What is required: Nothing but the lines from the one containing "Das Fachwerk erstrahlt" through the end of the data should be retyped, exactly as they stand, and pictures should not be retyped.

Entries provided:
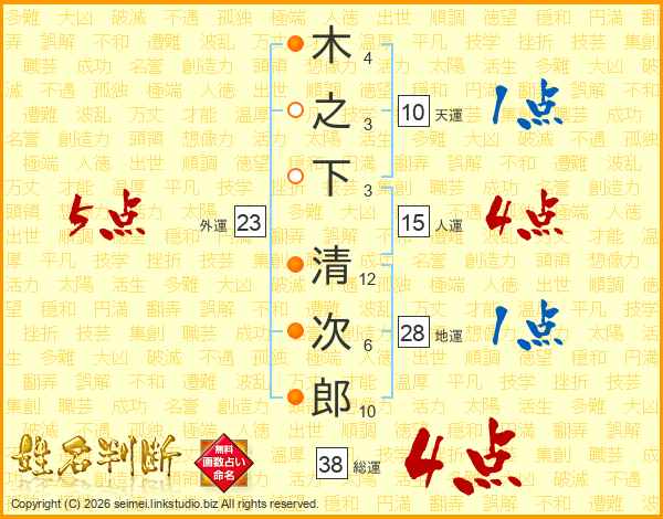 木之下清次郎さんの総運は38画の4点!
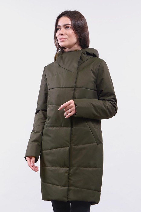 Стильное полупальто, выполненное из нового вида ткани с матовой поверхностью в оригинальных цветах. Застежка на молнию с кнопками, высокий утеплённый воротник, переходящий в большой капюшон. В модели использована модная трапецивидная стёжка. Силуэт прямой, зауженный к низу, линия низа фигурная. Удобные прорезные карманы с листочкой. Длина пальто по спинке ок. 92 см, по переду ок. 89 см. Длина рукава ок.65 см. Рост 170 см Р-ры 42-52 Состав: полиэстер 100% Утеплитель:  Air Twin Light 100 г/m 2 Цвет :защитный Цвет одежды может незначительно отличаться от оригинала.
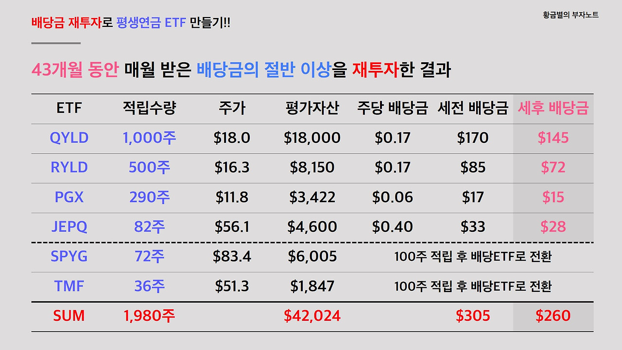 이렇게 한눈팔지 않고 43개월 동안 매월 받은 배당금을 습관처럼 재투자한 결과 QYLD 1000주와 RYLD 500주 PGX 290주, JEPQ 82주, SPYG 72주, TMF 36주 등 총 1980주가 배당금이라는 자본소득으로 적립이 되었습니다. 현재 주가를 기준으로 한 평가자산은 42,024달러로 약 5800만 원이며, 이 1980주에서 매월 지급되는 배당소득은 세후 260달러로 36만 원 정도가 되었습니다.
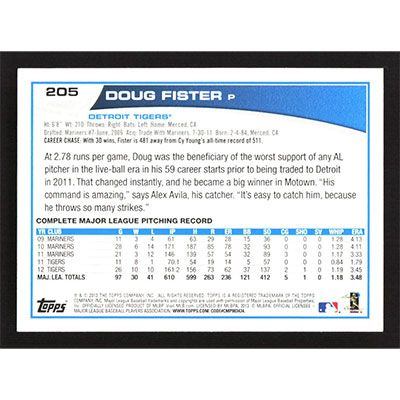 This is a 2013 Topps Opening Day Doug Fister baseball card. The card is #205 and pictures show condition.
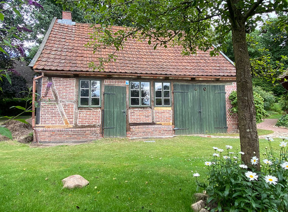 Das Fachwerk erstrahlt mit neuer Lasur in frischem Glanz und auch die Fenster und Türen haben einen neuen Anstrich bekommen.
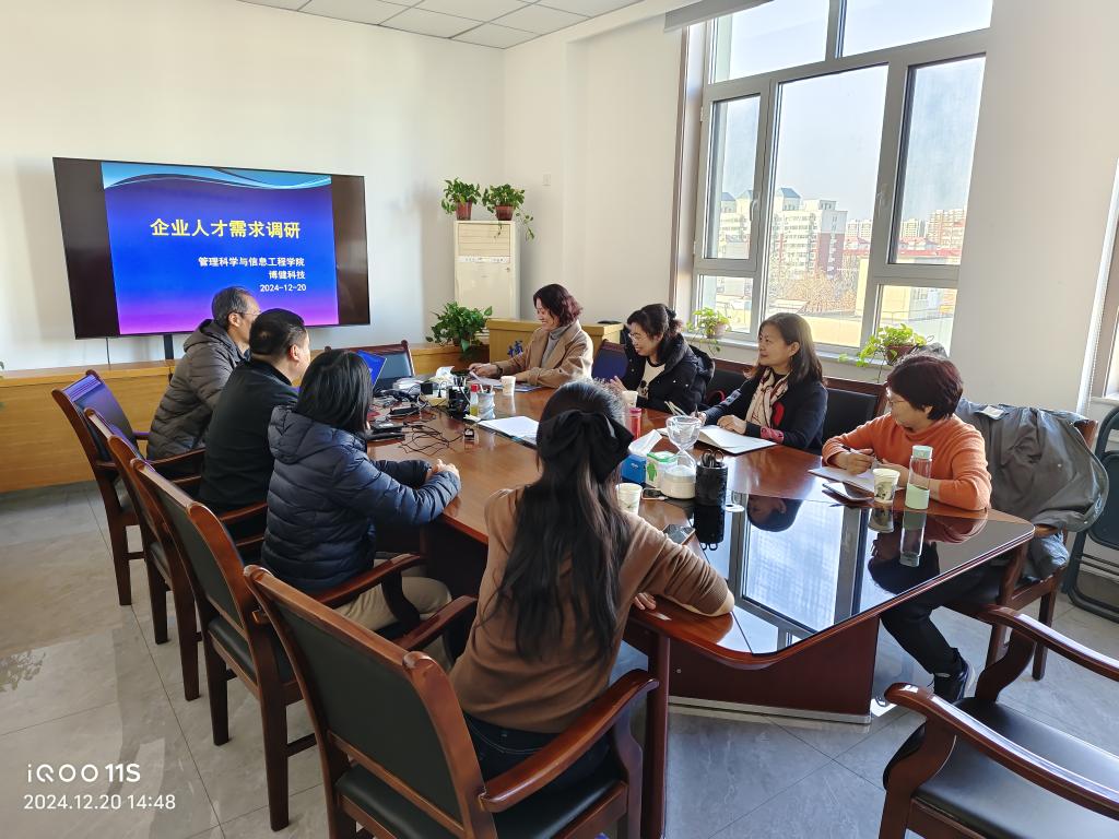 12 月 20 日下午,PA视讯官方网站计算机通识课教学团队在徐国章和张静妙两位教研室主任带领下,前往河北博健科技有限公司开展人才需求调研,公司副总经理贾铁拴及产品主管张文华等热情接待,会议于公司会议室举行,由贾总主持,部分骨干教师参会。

Written reply:
 Das Fachwerk erstrahlt mit neuer Lasur in frischem Glanz und auch die Fenster und Türen haben einen neuen Anstrich bekommen.
 12 月 20 日下午,PA视讯官方网站计算机通识课教学团队在徐国章和张静妙两位教研室主任带领下,前往河北博健科技有限公司开展人才需求调研,公司副总经理贾铁拴及产品主管张文华等热情接待,会议于公司会议室举行,由贾总主持,部分骨干教师参会。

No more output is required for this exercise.